Key message on future of electricity supply on island is not being communicated
At the end of May next year, the electricity market across the island of Ireland will undergo a major organisational change. The present system, usually described as a SEM (single electricity market) will begin to operate with dramatically changed requirements and convert to a new I-SEM (integrated single electricity market).
The change places very different organisational requirements on electricity generators, the operator of the transmission systems and also in the commercial motivation of electricity suppliers.
Design of the new arrangement has been under way for about five years and there has been a steep learning curve linked to a highly technical trail of paperwork, conferences and official co-operation between the Utility Regulators and government departments, north and south.
The arrival of the I-SEM can be commended. The new systems will be more efficient. It will bring the wholesale electricity market on this island into line with an EU initiative which should bring operational advantages from better inter-relationships with more co-ordinated Europe-wide systems.
The full introduction of the I-SEM will be an achievement. There are still operational details to test and refine, but the senior planners are showing signs of confidence. Of course, there will be unexpected problems but the senior regulatory staff have now committed to a firm launch date.
Alongside the complex planning for the change, one caveat should be made. The organisation of the changes is the responsibility of a special single market electricity committee and that SEMC has been slow to devise a communications strategy to link with the wider group of its stakeholders.
The SEMC has published many technical papers as the project has evolved but all too rarely has it made any effort to address the wider interest groups.
This deficiency has been registered several times with the Utility Regulator but to no immediate avail.
The performance of the I-SEM will be enhanced through a simple wholesale price mechanism enabling the System Operator in NI (SONI) to better schedule electricity capacity to meet variations in demand.
The current SEM schedules take electricity from generators on a formula which means that the cheapest generator creating electricity at a price to meet market demand sets a baseline price for the system.
The new I-SEM system adds to the operational flexibility of the electricity market by adding to the variables a 'day ahead' market, an 'intra-day' market and a balancing market.
This adds a more complex series of trading questions, particularly for generators. Alongside the daily trading features, there will be a radically respecified mechanism to buy in an adequate assurance of available capacity where generators bid within a time period to be available to play into the market place.
In a further elaboration of the scope for market changes, the I-SEM introduces forward markets in electricity contracts and the use of financial transmission rights which allow hedging of cross-border prices using interconnector facilities.
For electricity consumers, with specific demand conditions, there may be potential interest in the way in which the new I-SEM opens the door to a wider range of contract types and prices. To date there is little evidence of how quickly and to what extent new market opportunities will evolve. Electricity suppliers will now be reassessing their marketing options.

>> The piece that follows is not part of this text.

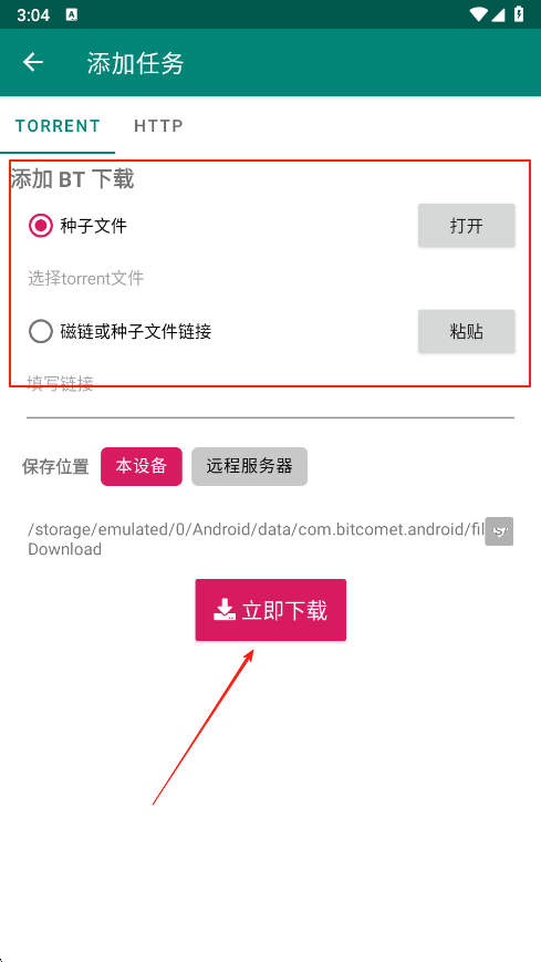 2、进入添加任务页面后,可选择种子文件或磁链或种子文件链接来添加BT下载任务,选好后点击立即下载,即可开始下载。

The success of the I-SEM still depends on the technical improvements in electricity supply across Ireland. The long delayed North-South interconnector is critically needed. The Moyle interconnector must be repaired to full capacity. Then, in due course, some clearer thinking on how to integrate adequately with the grid in Britain awaits consideration.
I-SEM is now nearly ready ahead of some remaining technical specifications. It now needs to be marketed and explained to a wider audience.